ベッドに横たわって点滴されている私のそばに、かわるがわるイケメンドクターがやって来て、英語で自己紹介や雑談、そして握手をしていく。これも治療なのかな?それとも単なるナンパなのかな?英語の練習?(わたし、スペイン語の方がわかるんだけど。。)

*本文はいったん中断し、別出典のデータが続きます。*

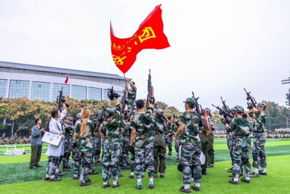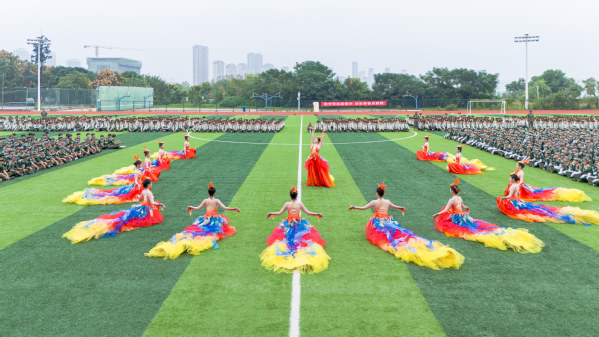 由1500余名新生组成的花样方阵成为全场焦点,他们依次变换出“1919”“五四运动”“1921”“红船会议”“1949”“天安门”“中国我爱你”等造型,致敬祖国,现场十分壮观。队员们齐声高呼“听党指挥,能打胜仗!”“祖国万岁!”“正义必胜,和平必胜,人民必胜!”等铿锵誓言,将对历史的致敬、对祖国的热爱与对和平的捍卫融为一体,深情回溯了党的百年光辉征程,并以此特别方式致敬抗战胜利80周年。
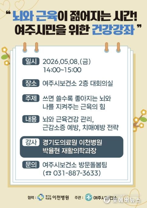 [ 포에버뉴스 김경순 기자 ] 여주시보건소 건강증진과는 오는 5월 8일 오후 2시, 보건소 2층 대회의실에서 여주시민을 위한 건강강좌 '뇌와 근육이 젊어지는 시간!'을 개최한다고 밝혔다.
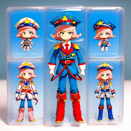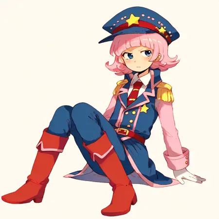 kirbman, pink hair, flipped hair, short hair, blunt bangs, blue eyes, blue peaked cap, star \(symbol\), red belt on hat, epaulettes, white undershirt, red tie, red knee-high boots, red pants, grey vest, blue overcoat with pink trim, long sleevs, white gloves

病気で心が弱っているときに、ただ黙ってそばにいて手を握っていてくれる存在は、その目的が治療であれナンパであれ関係ない。
看護されている安心感があった。
しかし、不安はつきない。医療費が高額で、肺のレントゲンで120USドルくらい。当時住んでいたアパートの家賃も月々120USドルだった。入院するとそれだけで破産しちゃうほどの大出費だった。今月の予算を使い果たしてしまう。
人間の幸福は、愛と金(カネ)でできている。
愛だけじゃ生きていけないとしても、金だけでは寂しいのである。
金がなければ不自由だけれど、ひとりぽっちの自由は時にむなしいのである。
イケメンドクターに求愛されてたしかに癒えるものがあったとしても、
ホストクラブ級の請求がきたらどうしよう?どうしようもない。と、怖かった(もちろんホストなんて行ったことないのですが・・・)。
自分で選んだこと
その半年後、私は救急車で運ばれた。
外出先で意識を失って倒れてしまった。一緒にいた友人(ボリビア人)が救命してくれて意識を取り戻したもののすぐに手や足がしびれだして、指先から心臓に向かって徐々に麻痺していった。
どうしよう?どうしようもない。
命からがら友人に「私が死んだときは日本大使館に一報して」とか、「これ、大家さんの電話番号!」とか、「パスポートに実家の住所が書いてあるから!」と必死で伝えながら「死ぬ・・・」と息絶える寸前、救急車が来てくれた。
我がボリビア人生に悔いは無し。
そして日本へ帰ることにした。
海外で死ぬと、いろいろなことがとても大変だから。
この選択が吉か凶かなんてわからない。
ボリビアに永住した方が幸せだったと思う日もあれば、
帰国して日本の良さも悪さも再発見して、……。
兎に角、今、私は生きている。
疾病を抱えながらも、今、私は生きている。
自分で選んで生まれてきたわけではない人間が、
生まれてからも、自分の人生のすべてを自分で選べるわけでもない。
肺も、心臓も、私の意思とは関係なく動いている。そしていつか望まなくても必ず止まる。自分の体なのに自分でコントロールできることなんて、ほとんど無い。風邪をひけば鼻水がたれるし、悲しい時は涙が流れる。よだれを垂らして寝ている時もある。鼻水も涙も、よだれも、私の選択で出したり止めたりするのは難しい。
勝手に流れ出てくる。
まるで時の流れのように。
時間は前にしか進まない。
ぼーっとしていても一日が終わる。
泣いても、笑っても、明日が来る。
自分で選べないことが無限にある生活の中で、
どんな些細な決断も、自分で選べるって、それだけで尊くて贅沢だ。
これからも悔いの無いよう、贅沢に、そして幸せに、生きてゆきたい。